For example, if you want to prepare a presentation on one of your products, you first do a search query. Not only will it return relevant documents, it will search for text inside the documents and show those passages as well. Then, you can pick paragraphs, graphics or entire files to add to a collection. You will then have all the information you need in one place. Finally, you can export this data in a single PowerPoint presentation or PDF file.

Docurated users can choose to host their files on Docurated’s servers or to install the product on their private servers. After this simple installation process, you can start adding files and using the visual search and curation tools to create collections.

Now that it integrates with Dropbox, Docurated can become a powerful search and curation tool for your Dropbox-hosted files as well. Docurated competes with Sharepoint or Autonomy, and in some way Box, Dropbox and Google Drive. The main difference with the file-based alternatives is that Docurated does not host any file, it only crawls content to make it searchable. The company counts on its curation features as well to set it apart from the competition.

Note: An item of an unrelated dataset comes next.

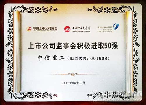 12月15日,在中國上市公司協會、上海證券交易所、深圳證券交易所共同主辦的“上市公司監事會最佳實踐評選活動”頒獎典禮上,中信重工公司獲評“上市公司監事會積極進取50強”。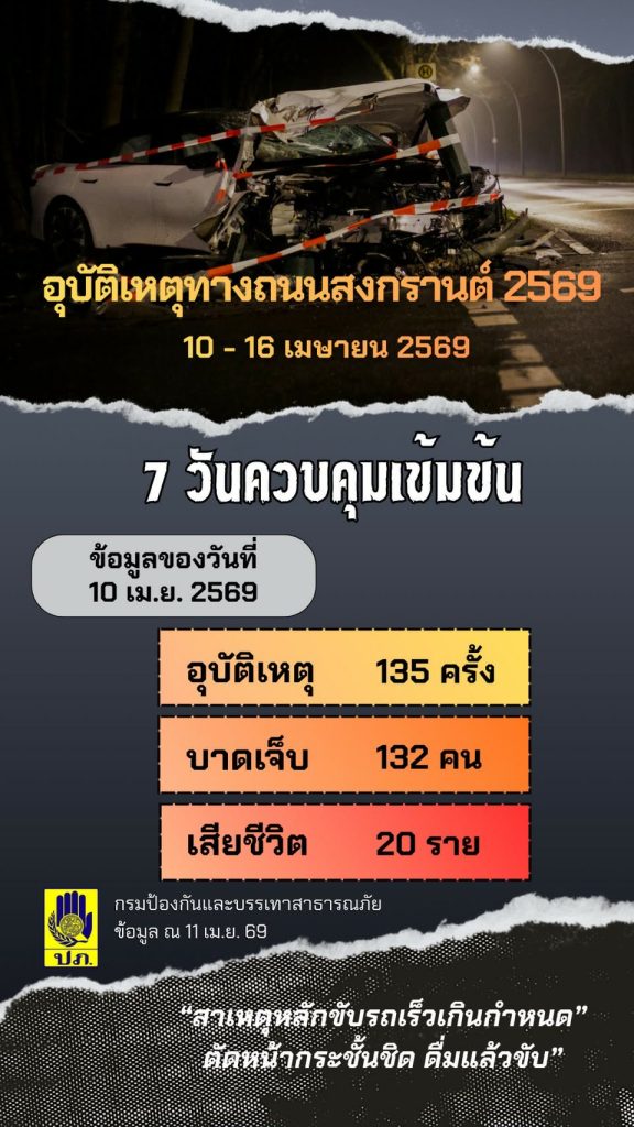 วันนี้ (11 เมษายน 2569) เปิดสถิติ 7 วันอันตรายสงกรานต์ 2569 วันแรก(10 เมษายน 2569)เกิดอุบัติเหตุ 135 ครั้ง เสียชีวิตแล้ว 20 คน

One of Docurated’s key advantages is that you don’t need to maintain a folder hierarchy or to tag files. Everything is automatic and transparent.

The New York-based company received $1.6 million in funding from David Eisner, James Lyle, Leon M. Wagner and Elliot Wagner.

“We are currently selling directly to enterprises,” co-founder and CEO Alex Gorbansky said. “We are also looking at building out our reseller partner program and are exploring OEM opportunities,” he continued. Enterprises can sign up right now for Docurated or the Dropbox vertical.

Questions & Answers

Judges: Heidi Messer (Collective[i]), Peter Pham (Science), Dave Samuel (Freestyle Capital), Scott Stanford (Sherpa Foundry)

Q: How did you come up with the idea?
A: I kept losing time by searching for a PowerPoint presentation. We started prototyping and here we are.

Q: Where do you get the content?
A: We have a sync tool that auto-crawls anything. There is an email bot as well.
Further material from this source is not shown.